Отловили и увезли в Германию очередную партию трудообязанной молодежи. Теперь это делалось без речей и оркестров: пойманные просидели двое суток под замком в одном из пакгаузов сортировочной станции, а потом их тайно, ночью, загнали в товарные вагоны с окошками, густо заплетенными колючей проволокой. Лишь месяц спустя Таня случайно узнала, что в эту группу попали Инна Вернадская и Наташа Олейниченко; обе девушки были когда-то ее подругами, вместе с ней бежали с окопов из-под Семихатки и несомненно знали, что она служит в комиссариате. То, что никто из родных Инны или Наташи не обратился к Тане за помощью или хотя бы за советом, было лишним доказательством того, как все они теперь к ней относились. Впрочем, какое это имело значение!
Трудно было вообще сказать, что имело теперь значение и что не имело. Целый ряд понятий и категорий стал пустым звуком, – жизнь продолжала обнажаться до самой своей последней изначальной сущности, до простого вопроса, триста лет назад вложенного в уста меланхолическому датскому принцу.
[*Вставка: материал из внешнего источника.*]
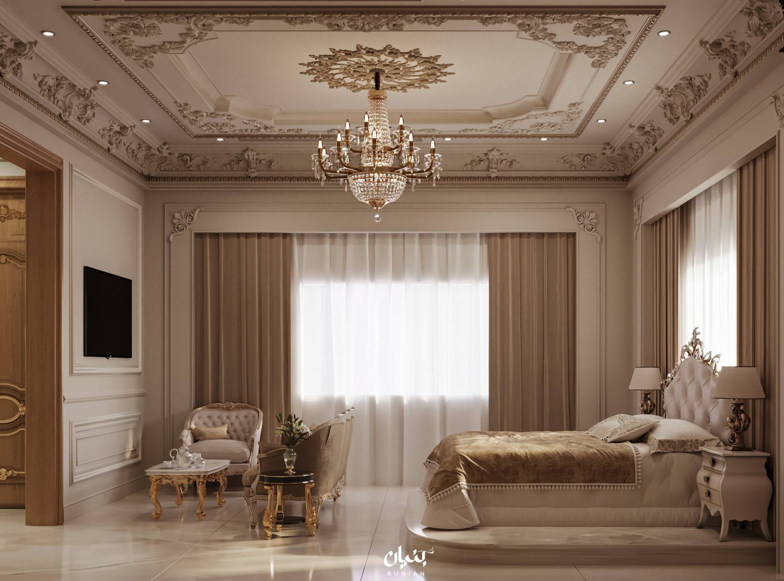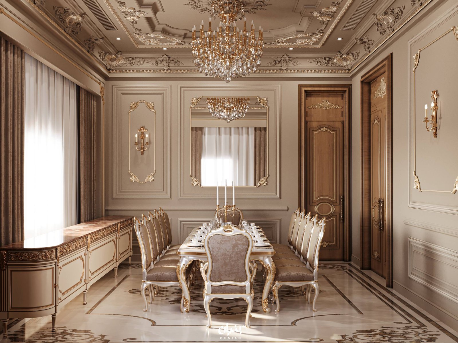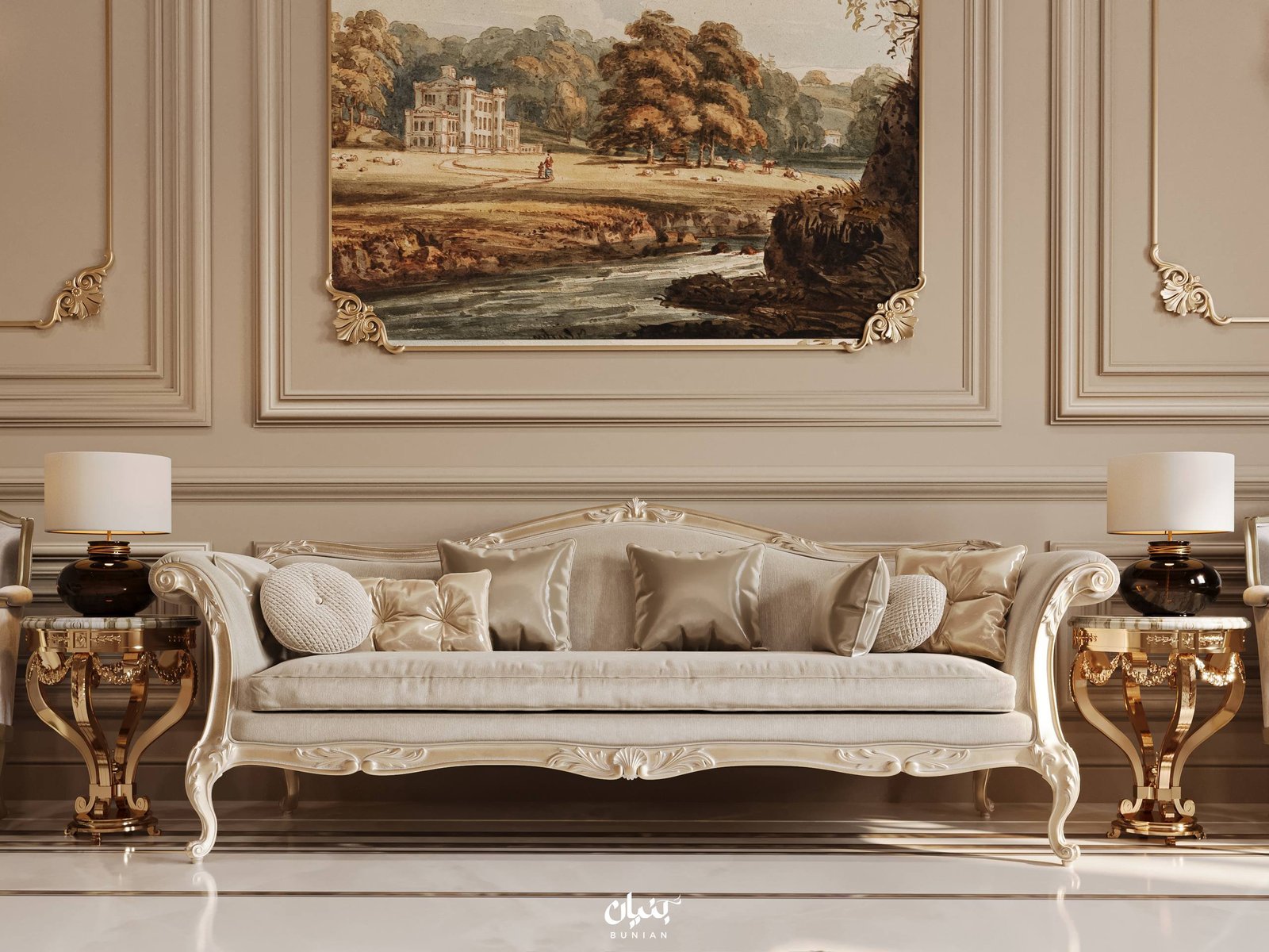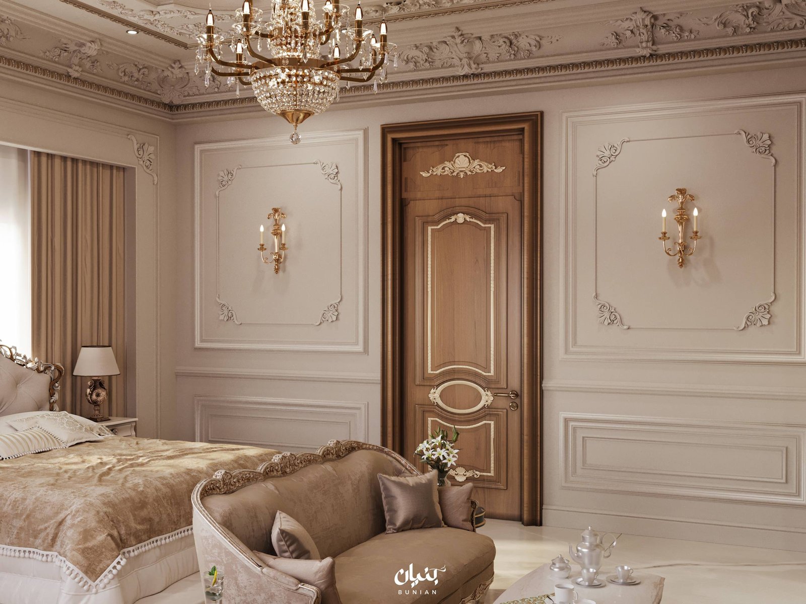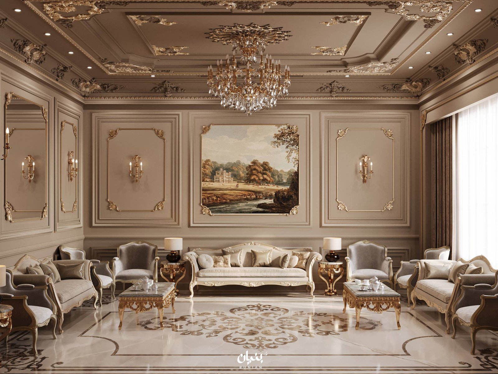 تم التركيز على خلق فراغات داخلية تعكس الرقي والهيبة من خلال استخدام عناصر معمارية كلاسيكية مثل الأعمدة والزخارف الجبسية والكرانيش المزخرفة، مع توزيع إضاءة مدروس يبرز التفاصيل بدقة.

Именно так стоял этот вопрос и перед ними – перед миллионами живущих в оккупации русских, украинцев и белорусов, перед кучкой ребят в энском подполье, перед Таней. Быть или не быть, – все сводилось теперь только к этому.
Начало террора в Энске совпало с провозглашением немцами тотальной войны. Если до сих пор война была свирепой и безжалостной, то отныне она должна была стать безжалостной и свирепой в квадрате. Если раньше Таня думала иногда, что в случае провала группы нетеррористический характер ее деятельности может быть учтен немцами как смягчающее обстоятельство, то теперь рассчитывать на это уже не приходилось. После Сталинграда, после объявленного Гитлером национального траура, после берлинской речи Геббельса провал группы мог означать только одно – смерть.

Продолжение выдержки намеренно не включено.